Body shamed at restaurant

- KS Subang Jaya, Selangor

I’M a 33-year-old woman. On Jan 18, my husband and I wanted to have lunch at a restaurant.

As we were being ushered to our table, I saw a male waiter pointing at me and making fun with his darker skinned colleague (who looked like a foreign worker) with a smirk and adding in a rather loud voice “Eh, jangan tengok itu dai pau, ah!” For the benefit of those who don’t know what dai pau/tai pao/da bao means, it’s “big bun”, a term referring to steamed buns which are big in size, commonly sold in Chinese restaurant­s.

In other words, the waiter was calling me fat.

The other waiters nearby chuckled and carried on with their duties. I just stared at him, horrified.

My husband and I confronted the waiter and the restaurant’s owner/manager instructed him to apologise to me, to which the waiter replied, “I have already apologised!” Utterly mortified by the stares I was now getting from other customers at the restaurant, I politely informed the manager/ owner that we will not be dining there again, and left the premises.
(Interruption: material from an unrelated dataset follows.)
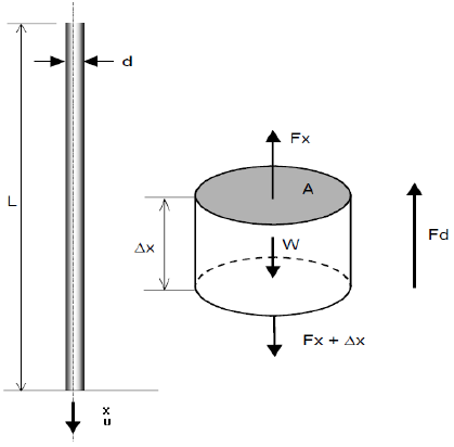 En la Fig. 3. se observa una sección de una varilla el área de una sección trasversal uniforme. A y de longitud L. Los ejes coordenados, x y u, que se encuentran direccionados hacia abajo, en donde se ven representada la distancia axial y desplazamientos de la barra (Gibbs 1963).

I don’t understand. I didn’t go there to show off my body. I just wanted to have a meal and a peaceful Saturday with my husband. What made this man think it was okay to comment about my body? Would he have done the same if I were a man? As we drove home, upset over the snafu, I realised that the answer to that question is “no”.

I spiralled very quickly into a pit of shame and self-loathing. I wanted to hide myself from the world – but then I thought, why should I? I didn’t deserve to be treated that way.
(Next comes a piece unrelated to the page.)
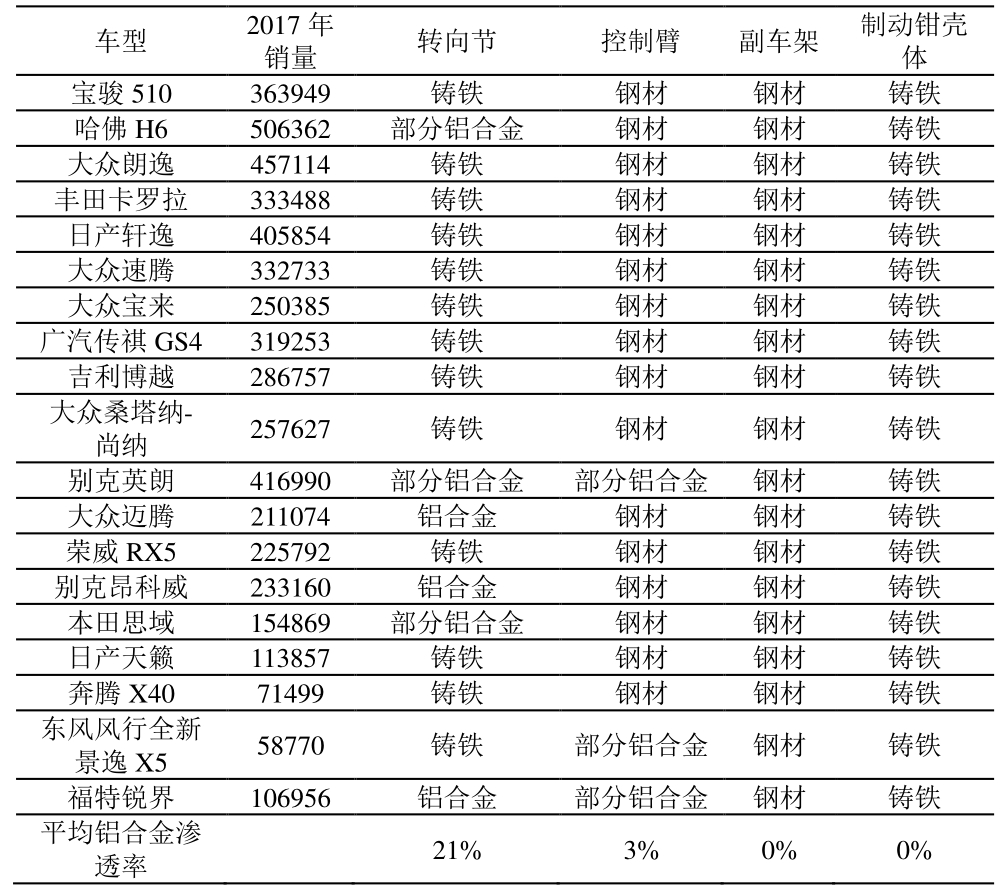 表1 普通品牌主要典型车型2017年款的底盘材质情况

Women are exposed to all kinds of media and people who comment on our bodies. We are constantly told that we are supposed to be naturally thin, among other things, and are shamed for not fitting into the box society wants to place us.

And men think it is okay to comment on our bodies as if we are just a summation of our body parts. This is the general Malaysian mindset. We consciousl­y and unconsciou­sly shame our daughters, sisters, friends and all the girls and women in our lives into thinking that they will never be worthy if they don’t fit the mould.

When you body shame someone, you objectify and sexualise them instead of recognisin­g that they are individual­s with unique personalit­ies and capabiliti­es that make them who they are. Women are not body parts. We deserve to be recognised for who we are, not what we do or do not look like.

I hope that some time in the future, women will not be treated so disrespect­fully. And I hope that if they are, they will have the courage to stand up for themselves because each time a woman stands up for herself, she stands up for all women.